Penyebab Krisis Ayam Malaysia: Pekerja Luar Negeri Belum Kembali, Indonesia Pegang Peranan Vital

Penyebab Krisis Ayam Malaysia: Pekerja Luar Negeri Belum Kembali, Indonesia Pegang Peranan Vital

Ayam-ayam di peternakan Temerloh di negara bagian Pahang Malaysia pada 31 Mei 2022. Malaysia akan menghentikan ekspor 3,6 juta ayam sebulan mulai 1 Juni hingga harga ayam stabil. -Mohd RASFAN / AFP-

KUALA LUMPUR, HARIAN DISWAY - Kok bisa Malaysia krisis ayam sampai menghentikan ekspor? Jawabannya bisa sangat kompleks. Namun ada satu hal yang patut digarisbawahi: Malaysia tergantung pekerja dari luar negeri.

Ceruk pekerja bangunan, perkebunan, dan peternakan memang banyak diisi oleh tenaga kasar luar negeri. Yang upahnya di bawah standar upah rakyat Malaysia itu.

Penasihat Federasi Asosiasi Peternak Malaysia (FLFAM) Datuk Jeffrey Ng mengatakan, peternak mengalami kendala yang sama. Pertama cuaca panas dan kemarau panjang yang membuat ayam kurang makan dan lebih banyak minum air.

“Alasan lainnya adalah kurangnya tenaga kerja asing. Kalau mau melamar tenaga kerja asing sekarang, harus memiliki sertifikat akomodasi,” kata Jeffrey seperti dikutip dari NST. Gara-gara aturan itu banyak tenaga kerja asing yang tidak lolos.

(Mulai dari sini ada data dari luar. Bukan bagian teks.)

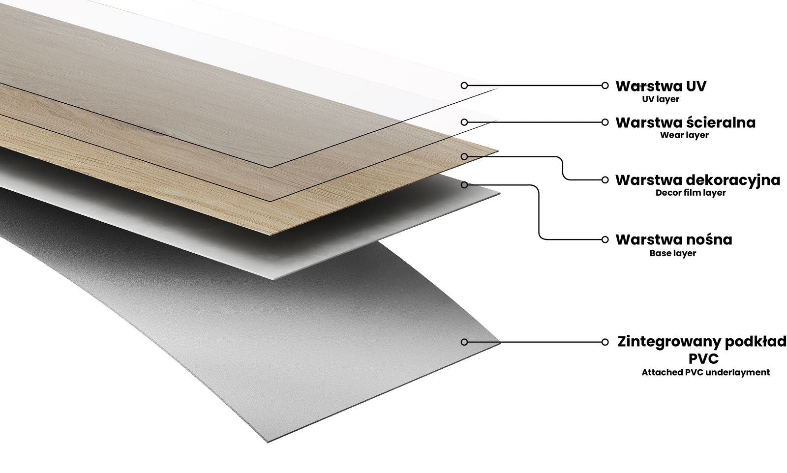 Pri ukladaní vinylových panelov je potrebné pamätať na použitie podkladu, ktorý plní funkciu tepelnej a akustickej izolácie, a taktiež zabezpečuje stabilitu podlahy. Náš produkt má integrovaný podklad - vďaka tomuto riešeniu nemusíme na podlahe rozkladať dodatočné materiály a položenie podlahy je oveľa pohodlnejšie a rýchlejšie.

BACA JUGAHarga Ayam Tembus Rp 56 Ribu Per Kilogram, Malaysia Stop Ekspor hingga Akhir Juni

Krisis pekerja asing tak hanya terjadi di sektor peternakan. Perkebunan sawit hingga restoran kekurangan pekerja.

Persoalan itu tak terlepas dari dampak pandemi. Pihak imigrasi membatasi jumlah pekerja yang masuk. Saat kebijakan itu dicabut, para pekerja yang sudah terlanjur pulang kampung belum kembali ke Malaysia.

Produksi ayam pun turun drastis. Banyak peternakan yang tutup. Pemerintah Malaysia menghentikan ekspor ayam agar harganya normal kembali sejak 1 Juni lalu. Saat itu harga ayam mencapai RM 17 atau setara Rp 56 ribu per kilogram. Strategi larangan ekspor ini juga pernah diambil Presiden Joko Widodo saat harga minyak goreng tak terkendali.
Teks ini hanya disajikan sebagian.